Coder Social home page Coder Social logo

getzlab-pcawg-mutsig2cv_nc's Introduction

MutSig2CV_NC (PCAWG)

MutSig2CV (Lawrence et al., 2014) adapted for noncoding significance analysis, as run for the PCAWG drivers paper (Rheinbay et al., 2020).

Installing

MutSig is implemented in MATLAB. If you have a MATLAB installation and wish to run MutSig interactively on the MATLAB console, skip to the Running section below. If you do not have MATLAB installed, or do not wish to run interactively, MutSig can be run as a standalone executable. The standalone executable is available for 64 bit Linux systems only, and requires that the MATLAB R2016a runtime be installed. You can download and install the runtime environment from here. Runtime installation instructions can be found here.

Once the runtime is successfully installed, you must add it to your LD_LIBRARY_PATH.

MCRROOT=<path to runtime you specified when installing>
export LD_LIBRARY_PATH=.:${MCRROOT}/runtime/glnxa64
export LD_LIBRARY_PATH=${LD_LIBRARY_PATH}:${MCRROOT}/bin/glnxa64
export LD_LIBRARY_PATH=${LD_LIBRARY_PATH}:${MCRROOT}/sys/os/glnxa64
export LD_LIBRARY_PATH=${LD_LIBRARY_PATH}:${MCRROOT}/sys/opengl/lib/glnxa64

To run on the cohort in the manuscript, MutSig requires ~100 GB of reference files. This is due to the fact that each cohort has a unique set of covariates and coverage models (see "Cohort Parameters" below).

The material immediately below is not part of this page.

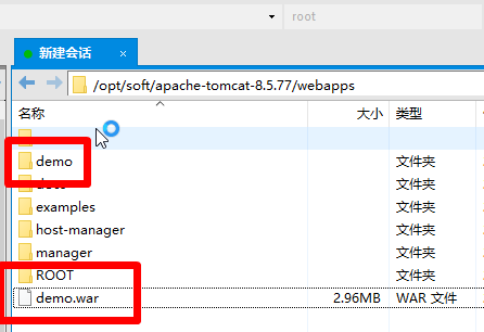 正确上传demo.war包到Tomcat的指定位置【apache-tomcat-8.5.77/webapps/】(5分)

Since these files are too large to include in a GitHub repository, they are hosted in cloud storage; please see the README in the ref/ folder for instructions on how to obtain them.

Running

To run interactively on the MATLAB console, start MATLAB in this directory, and run:

MutSig2CV_NC(<path to mutations>, <path to output directory>, <path to cohort parameters>)

To run the standalone application, cd to this directory, and run:

bin/MutSig2CV_NC <path to mutations> <path to output directory> <path to cohort parameters>

MutSig looks for its reference files relative to this directory, so it is essential it is run here. As stated previously, the standalone application will only work on 64 bit Linux systems. As distributed, the interactive version will also only work on 64 bit Linux, but can be made to work on any platform as long as all supplied .mex C/C++ extensions are recompiled.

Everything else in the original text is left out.